# A change is needed.



## MICHI-CAN (May 20, 2021)

Guilty as I am about to describe. 

Points and numbers seem to be right to be wrong here. Let's remove the counters beyond our profiles. 

Status on profile is not even close to actual knowledge or understanding. Let alone one's true demeanor. 

I know it is a fantasy in the algorithms of coding. But social spotlighting should not be tallied. 

Just a thought for those out there. And a vent. TY.

Peace and let's do this together.


----------



## MICHI-CAN (May 20, 2021)

PadawanWarrior said:


>


Not surprised. TY. Waiting o log the others. Peace.


----------



## MICHI-CAN (May 20, 2021)

We should start a new thread. But would profile status be? Kinda plays well with others. JK. plausible grower, recognized grower, or proven?
And how do we know our true contributions to the site without a favor-ability rating?


----------



## Tvanmunhen (May 20, 2021)

I thought about curious lovable newb who some day wants to know it all, and one who tries too hard but I was worried it was already taken.I hate my title!


----------



## sunni (May 20, 2021)

its simply based on longevity of forum usage in that aspect it works.

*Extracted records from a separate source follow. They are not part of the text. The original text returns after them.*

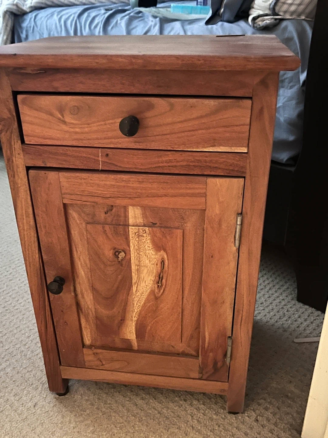 This nightstand is made of solid wood with a warm finish. It features a single drawer at the top and a cabinet below for storage. The cabinet doors open to reveal shelves inside. This piece would work well next to a bed or as a side table.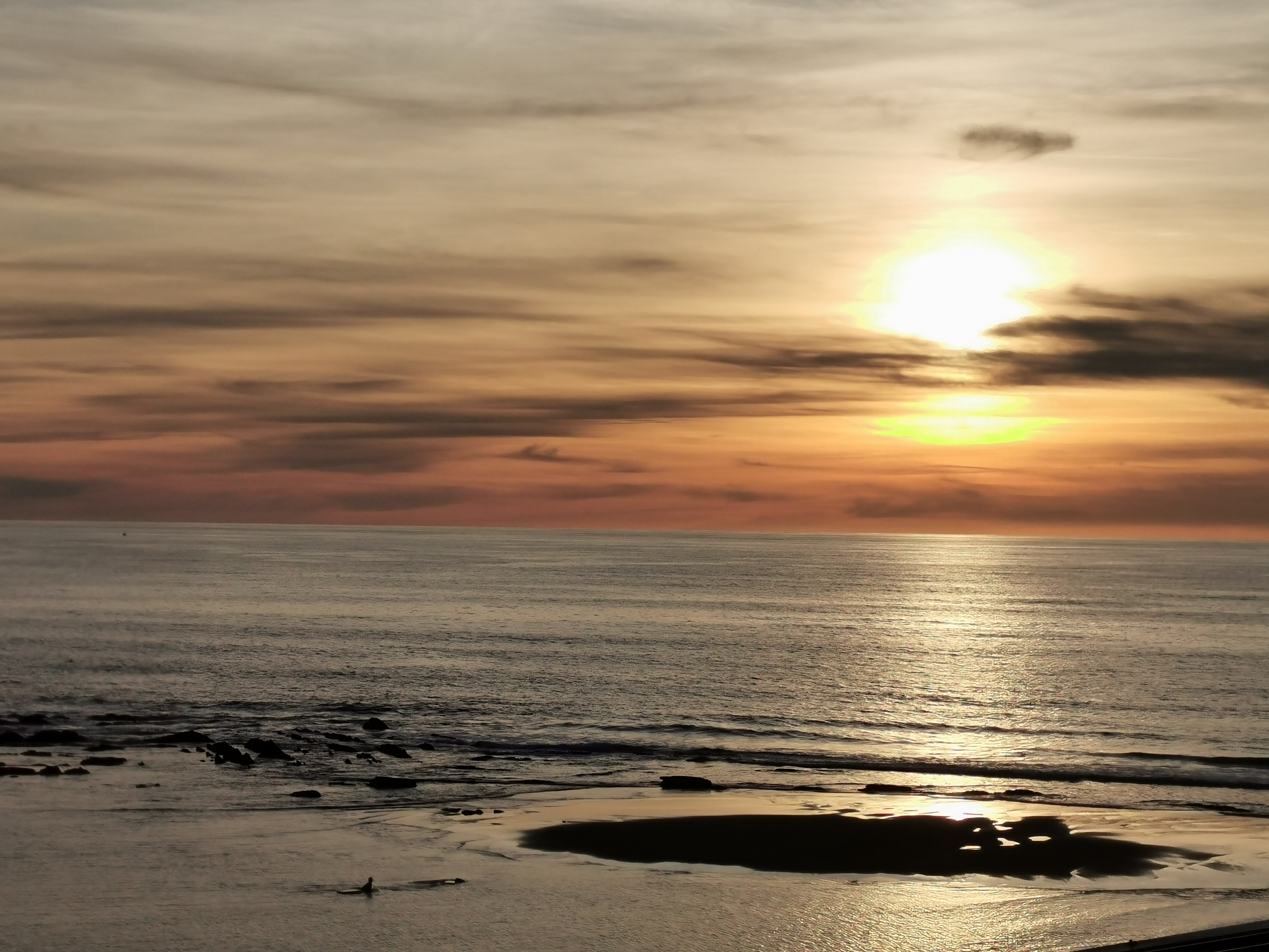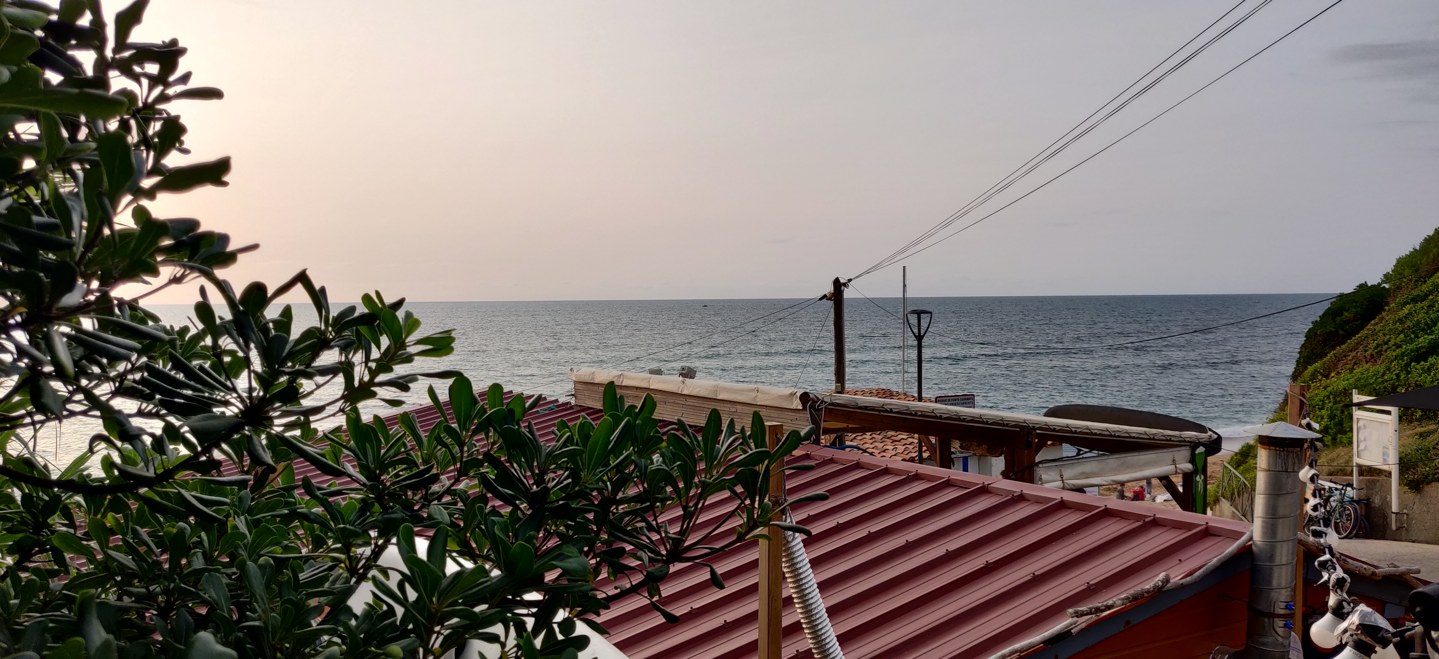 très bon repas version basque, le mojito basque est une tuerie, très belle vue sur cette petite plage au soleil couchant, pas de chance pour nous, c'était nuageux...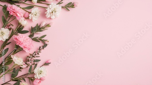 © Nitchalee N., Naklejka premium Gluten free baking ingredients, A beautiful arrangement of pink and white flowers on a soft pink background, creating a delicate and fresh aesthetic.
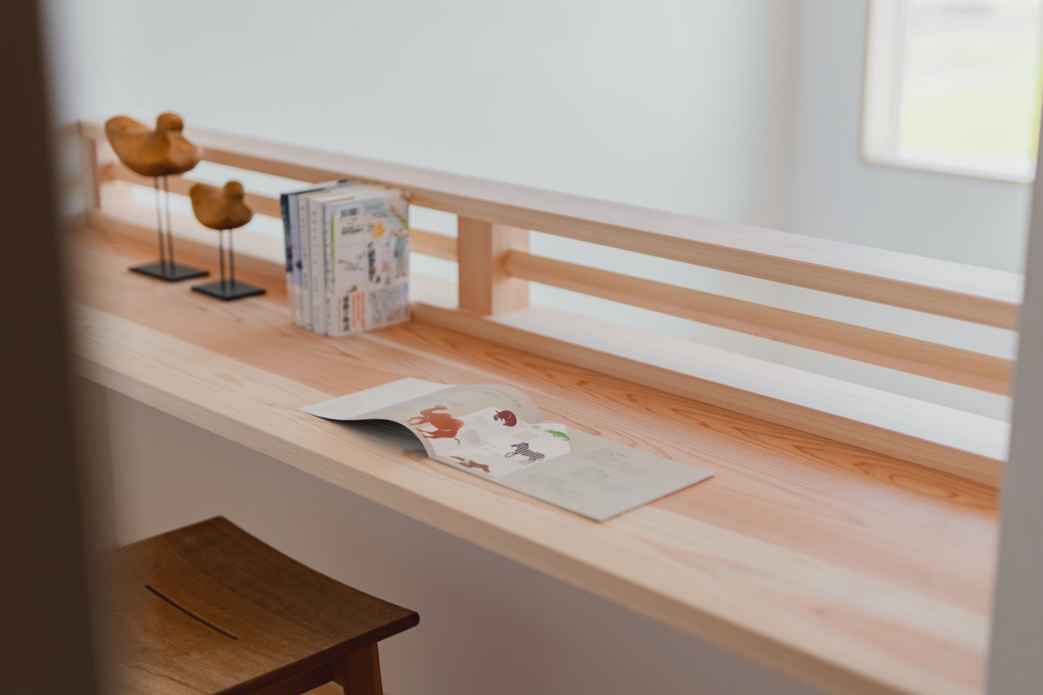 2階には吹き抜けに面したスタディカウンターを設け、頑張るお子さんの様子をそっと感じられる配置に。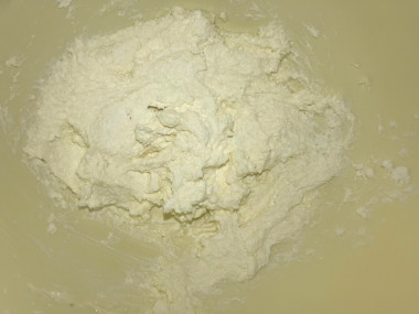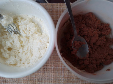 Ингредиенты тщательно перемешайте руками. Масса получается довольно густая. Если она получится слишком сухой, то влейте еще немного молока, слишком жидкой — добавьте печенья.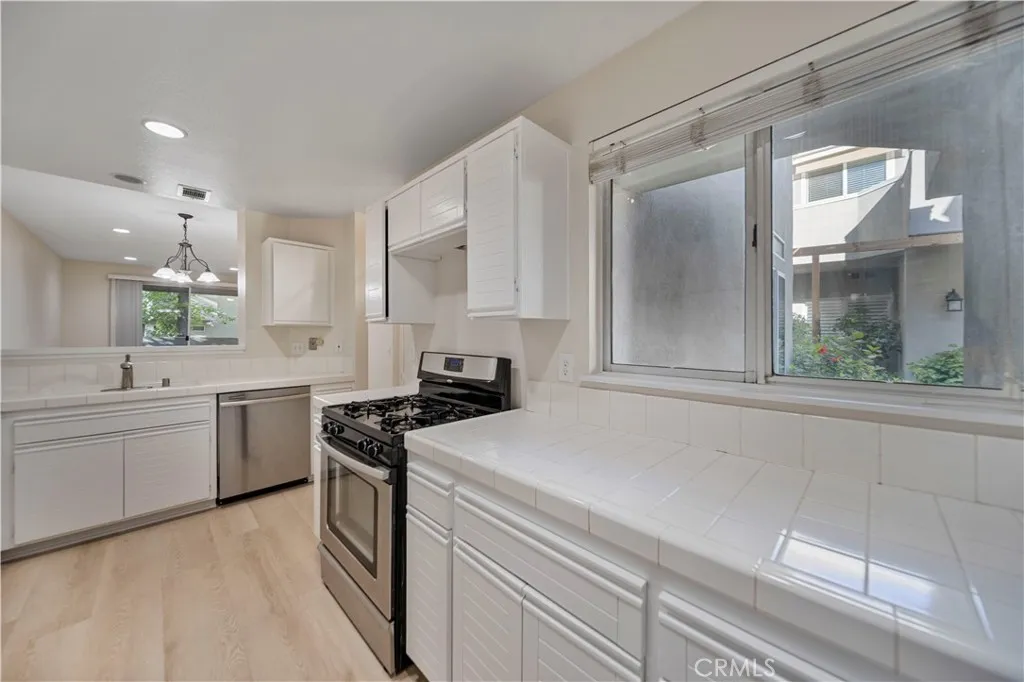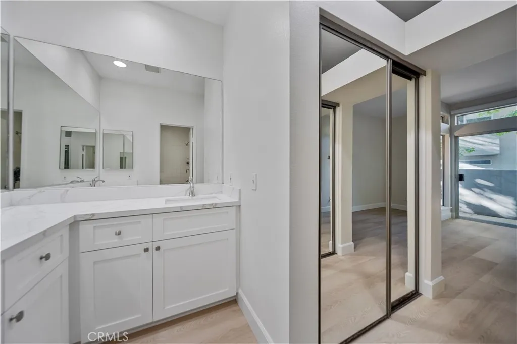 Enjoy the simplicity of modern living with this fantastic, move-in ready 2 bedroom, 2 bathroom condominium, perfectly situated on the first floor with no stairs in the secure, gated Arbor Park community in the heart of Valencia. The entire condo was just painted, and it features brand new wood type flooring throughout, giving the home a fresh, modern feel. The spacious floor plan includes two comfortable, well-sized bedrooms. The primary suite is a private retreat, featuring a full ensuite bathroom with a new dual vanity, a generous walk-in closet, and a dedicated door that grants direct access to the private outside patio. A practical laundry space off the kitchen accommodates your washer and dryer. Parking is truly effortless, the property features an attached one-car garage that has direct access to this unit, an additional covered carport, and plenty of visitor parking for your guests. This condo places you at the center of everything Valencia has to offer, you’ll be just moments away from the area’s best shops and restaurants, as well as essential services including markets, cafes, banks, and pharmacies. The location is ideal for students and faculty, with close proximity to College of the Canyons, Cal Arts, local schools, and several local parks, with convenient access to major hospitals also nearby. The meticulously maintained Arbor Park community provides residents with great amenities, including a refreshing pool and spa, all secured within the private, gated setting for your peace of mind. Don’t miss the opportunity to own this low-maintenance, perfectly situated ground-floor home in a prime Valencia location!

realistically though it doesnt matter and i dont know why anyone actually cares whether its there or not

,I dont think i know of ANY forum where some sort of "well known member" or points isnt there. ...theyre pre built into EVERY forum aspect.

ultimately its more hassle on our end to remove it so we likely wont, sorry to be the bearer of bad news.


----------



## OldMedUser (May 21, 2021)

What we need is a series of exams like the pot universities do. Each test has it's own badge that goes by your user name so people have an idea who they're dealing with.

Even someone who is a nOOb here could be walking in with a wealth of knowledge but how do you tell?

Setting something like that up is beyond my pay grade but somebody here must know how to do it.


----------



## Wastei (May 21, 2021)

Who really cares? Don't judge a book by its cover. Follow people's work with data to support their claims.


----------



## Romulanman (Jun 9, 2021)

There will never be a time when you wont see people shoehorning posts into every thread to get their post count up. It happens at every forum. Like the OP said he's guilty of it as well. Almost 20 posts a day, everyday, for 16 months straight is pretty crazy. You should ask for a job lol.


----------



## GOF (Jul 21, 2021)

OldMedUser said:


> What we need is a series of exams like the pot universities do. Each test has it's own badge that goes by your user name so people have an idea who they're dealing with.
> 
> Even someone who is a nOOb here could be walking in with a wealth of knowledge but how do you tell?
> 
> Setting something like that up is beyond my pay grade but somebody here must know how to do it.


Greg Green's "Breeder's Bible" quiz. 

I think we'll RIU will be subjected to the same pros and cons of human beings acting like - well - you know. Doing human shit. <shrug>


----------



## okmtnbiker (Sep 11, 2021)

People actually look at those points?


----------



## Knothat (Sep 16, 2021)

I am interested in the same question?


----------